Closed tkellogg closed 10 months ago
This could certainly be more clear.
When you set -a 3600
it will output a spacer after 3600 seconds of no activity. So if 1 hour passes with nothing being written to the terminal, a spacer will be output.
Any time a new line gets output to the terminal, the timer is reset.
Does that help? I'm not entirely certain I've answered your question.
Shouldn't there have been a spacer between these records then?
{"ts": "2023-06-19T01:51:34.123682", "title": "WSL 1.3.10 Brings Experimental Memory Reclaim, Updated DXCore and Linux Kernel (phoronix.com)", "href": "https://www.phoronix.com/news/Microsoft-WSL-1.3.10", "comments": "https://news.ycombinator.com/item?id=36387197"}
{"ts": "2023-06-19T06:10:40.154780", "title": "OpenLLM (github.com/bentoml)", "href": "https://github.com/bentoml/OpenLLM", "comments": "https://news.ycombinator.com/item?id=36388219"}
(Also, I'm not sure how often MacOS wakes up to process these ongoing scripts. That could definitely be playing into it as well)
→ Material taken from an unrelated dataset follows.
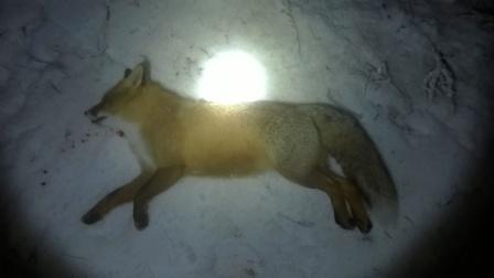 Отчитываюсь сразу за три охоты. Позавчера поехал в 22-00. Погода была неайс. Градусов 6 мороза, плотная облачность, юго-юго-западный порывистый ветрюган, метров 10 в секунду и туман, временами приносимый ветром. Безрезультатно объехал четыре перспективных места. Видимость паршивая из-за облаков, да ещё снег за оттепель сильно подтаял, обнажив травищу и клочки земли. К часу ночи добрался до границы с соседним районом, куда давно стремился, т.к. там с обеих сторон межрайонной автотрассы огромные по нашим степным масштабам искусственные лесонасаждения (гектар по 80-100 каждый). Между лесом и автотрассой, наши крайние поля озимки, полностью покрытые снегом. Ветер как раз поперёк трассы на левый лесной массив. Я решил испробовать способ Димы, т.е. использовать свой автомобиль, стоящий на обочине автотрассы, в качестве укрытия. Минут через пятнадцать на заячьи вопли из леса появилась лиса и стала почему то обходить меня справа, метрах в двух ста. В это время оттуда же показались фары едущей по трассе машины. Я убрал карабин в салон, что б не пугать людей и подождал, пока проехала сильно уставшая (судя по издаваемым звукам) вазовская "четвёрка". Чего людям не спалось во втором часу ночи?:ag: Пока моё внимание отвлекало это авто, лиса по полю подошла и села метрах в 50-ти напротив меня. Плавно достаю карабин, ловлю горло лисы в перекрестие и жму спуск. Слышу громкий "ляпыч", и лиса ещё падая, умерла. Это оказалась старая, большая, пушистая самка, при виде которой у скупщика вчера загорелись глаза.:agg: Кладу её в тазик в багажнике и еду спать. Вчера дожидаюсь на работе, пока как следует взойдёт луна и около 20-00 выдвигаюсь к ранее намеченному, вспаханному полю подсолнуха, буквально укатанного лисами. Опять сильная облачность. Сажусь в старой лесополосе вдоль дороги на отдалённый хутор. Градуса 2 мороза. Ветер юго-западный, метра 4-5 в секунду, дует сзади меня градусов 30 влево. Примерно через пол часа слева появляется лиса и очень осторожно, с частыми остановками, движется вправо, заходя на ветер. Я не стал дожидаться, пока она меня унюхает, и прикинув, что до цели метров 150, при очередной остановке стреляю. Лиса падает, потом начинает кувыркаться через голову, опять падает, затихает, а потом вскакивает и мчится под ветер к дальней, перпендикулярной моей лесополосе. Етить колотить!:cc: Снимаю тёплую куртку и иду смотреть результат стрельбы. От места стрела по дальномеру оказалось до моего стульчика 178 метров. Значит я обнизил, а из-за неправильной поправки на ветер, ещё и обзадил. Там, где падала лиса, сгустки тёмной венозной крови и куски внутренностей. По обеим сторонам следа кровяные дорожки. Иду по следу и когда дохожу до дальней лесополосы, куда ведут следы, кровь на следу почти прекращается и еле видна, хота на местах остановки лисы огромные лужи крови. След на насте местами теряется, но там где след отчётливый, хорошо видно, что лису сильно штормит. Решаю не лезть ночью в старую лесополосу, захламлённую буреломом и вернуться сюда на следующий день. Сегодня оказалось, что мне оставалось пройти до дошедшей лисы каких то метров 200, а её вперёд меня нашли вороны. Это оказался огромнейший лисовин с порванным брюхом. Как этот терминатор прошёл больше километра с таким ранением, для меня загадка. Вчера же в растрёпанных чувствах переехал опять на границу с соседним районом и

Yes, there certainly should.
The way spacer is implemented uses a background thread to check if enough time has passed to print a spacer. When your Mac is asleep, this thread may not get a chance to run. It's plausible, but tricky to verify with the existing spacer binary (there's no debug logging of any kind).
If sleep is preventing this, and when it wakes up the main thread goes first, reads a line from STDIN, and resets the timer, that could cause the behaviour you're seeing. I'm not sure how I'd go about "fixing" this.
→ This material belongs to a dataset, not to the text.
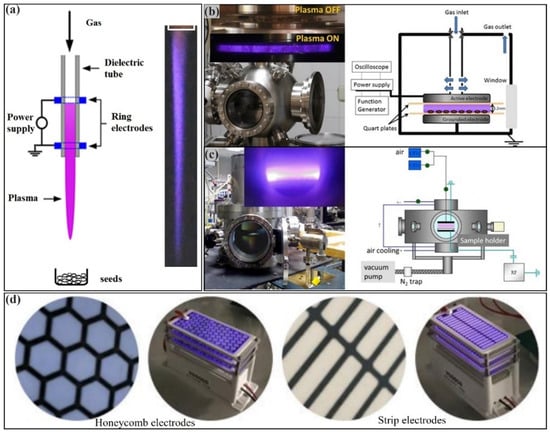 CAP has been studied for many years, and multiple generators have been invented. The most popular hardware includes the Cold Atmospheric Plasma Jet (CAPJ), Dielectric Barrier Discharge (DBD) reactor, radiofrequency (RF) reactor, and surface DBD source [6]. To avoid arc discharge, either the anode or cathode will be covered by a layer of dielectric materials such as glass, quartz, ceramic, or others [7]. Noble gases such as helium (He) and argon (Ar) are used to trigger the stable and nonthermal glow-like discharge in CAP sources [8]. For the CAP jet, the samples do not involve the discharge process (Figure 1). Thus, the CAP jet is an indirect discharge source [9]. In contrast, the DBD source is a direct discharge source, in which samples such as seeds are involved in the discharge process [10]. Compared with the CAP jet, DBD plasma has a short length but can affect a much larger area simultaneously. However, the nature of the CAP jet makes it so that it has a high aspect ratio and can even reach 11 mm of length [11]. Thus, the DBD reactor is more suitable for a large area treatment compared to the CAP jet. Similarly, surface DBD is a unique DBD configuration, in which two electrodes have been integrated in one surface [12]. Such a design overcomes the sample areas’ three-dimensional space limitation. Even a large sample can also be treated by a surface DBD source. The discharge in a radiofrequency (RF) plasma reactor is based on the RF power input between two electrodes, rather than AC or DC power [10]. Typically, RF plasma generates in a chamber, where samples such as seeds are set in the gaps between electrodes.

This could be a terrible idea, but can you use the notify crate to be notified when changes happen, rather than sleeping?
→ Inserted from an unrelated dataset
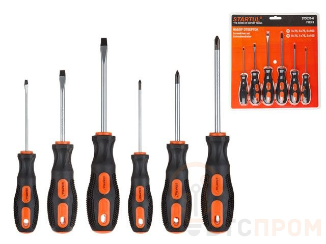Набор отверток 6шт STARTUL PROFI (ST3033-6) (SL3х75,5х75,6х100 PH0х75,1х75,2х100 рукоятка Anti slip) ST3033-6
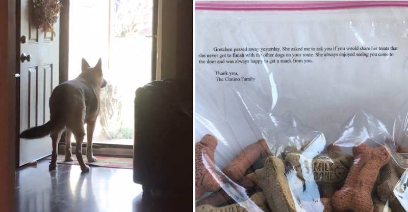 信上寫著:「Gretchen昨晚過世了,牠要我問你可不可以把這袋牠再也吃不完的零食分給你沿路餵養的其他狗狗。牠一直都很享受你來到門前的時候,也很喜歡你給的這些零食。謝謝你,Cimino一家。」

The thread that does the printing would still need to sleep. It prints the spacer after a given timeout, so it needs to wake up independently of anything happening to STDIN. I don't think the notify crate would help.
Hey Tim, checking in on this. I don't think there's much help I can offer without more info. Are you able to reproduce this behaviour on the latest version and without your laptop being asleep?
We can close this issue
I'm unsure if this is a bug or a feature, but spacer seems to use CPU wall clock time when determining how long it's waited. I tend to think of this as a bug because it's idea of "time passed" is difficult to articulate or reason about. I honestly can't explain what spacer is doing, aside from randomly inserting breaks (which is still helpful, but it bugs me because i can't explain it).
Sample output from my HN scraper. This is using
tail -f keyword_links.txt | spacer -a 3600
. There's 2 days between these 2 spacers, spacer is set to 1 hour, yet the script seems to have been periodically active throughout the entire weekend while my laptop was asleep.